By allowing ads to appear on this site, you support the local businesses who, in turn, support great local journalism.
Horses heal on local farm
Animals neglected in Florida
HORSE RESCUE 2 es
Cheryl Flanagan and her sister, Michelle Williams, watch as one of the horses they recently rescued from Florida eats in a pasture at Flanagan's farm in Forsyth County. - photo by Emily Saunders
How to help
For more information about volunteering, donating or fostering horses from the Horse Rescue, Relief and Retirement Fund, go online at www.savethehorses.org or call Cheryl Flanagan at (770) 886-5419.

Five emaciated horses rescued from Florida have made their way to Forsyth County. But their journey isn’t over.

Cheryl Flanagan, director of the Horse Rescue, Relief and Retirement Fund, said she hopes they will be adopted or fostered until a permanent home can be found.

She picked the horses up last week from a Santa Rosa County, Fla., residence and plans on getting three more from the same place in the next few days.

The horses are being kept on a 45-acre farm on Canton Highway near the Ducktown community.

She said she’s been gradually increasing the amount of food the horses receive as they regain their strength. They are adjusting to their new environment.

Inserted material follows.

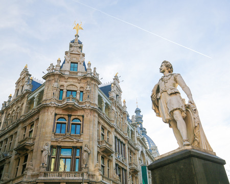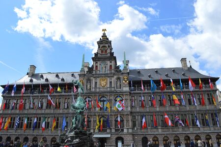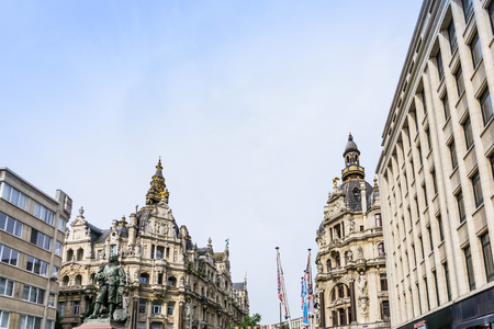 ANTWERP, BELGIUM - JULY 5, 2016 : Historical city hall and old town of Antwerp with stylish architecture. Antwerp is the capital city in the region of Flanders, Belgium

“They have different temperatures, different grass, different hay,” she said. “There’s a big pasture, but we can’t put them out there because there’s so much grass.”

Flanagan had the horses out in a fenced-in area Thursday afternoon.

As the once majestic creatures moved around, their ribs and other bones showed through their skin. They were so busy eating they hardly lifted their heads from the ground.

The horses were reportedly neglected by the owners of a Century, Fla., equine services business.

The owners, 53-year-old Robin Brownie Floyd and 42-year-old Lynn Livingston Floyd, turned themselves in Oct. 15 at the Escambia County Jail.

They face charges of confinement of animals without sufficient food or water.

The Floyds had moved nine horses in September from their business to a woman who has a 1-acre farm in Santa Rosa County. Flanagan said the woman offered to foster the horses until a home could be found for them.

About a month ago, she turned to Flanagan for help. A horse rescue group in that part of Florida was at capacity.

Flanagan said one of the horses had to be put down because of poor health.

Four horses remain at the Century business, she said, but a Florida rescue group is monitoring them.

“I don’t think they’re horrible people,” Flanagan said of the Floyds. “I think he takes them in because people don’t want them and he thinks he’s going to find them a home and then he gets in over his head and he can’t do it.”

To keep from getting in over her own head, Flanagan said she accepts donations of food, time and supplies to take care of the animals she rescues.

In addition to horses, she has taken in other animals including goats, chickens, turkeys, rabbits, pigs and sheep.

Flanagan said she has rescued critters of some form or fashion all her life. She said she and her sister grew up in urban Chicago, where they took in pigeons and took live snails from an Italian market near their home. She also kept spiders as pets.

She said she started rescuing horses in the 1970s and has a few of her own on her farm.

“I guess I’m just making up for not having a horse when I was a kid,” she said.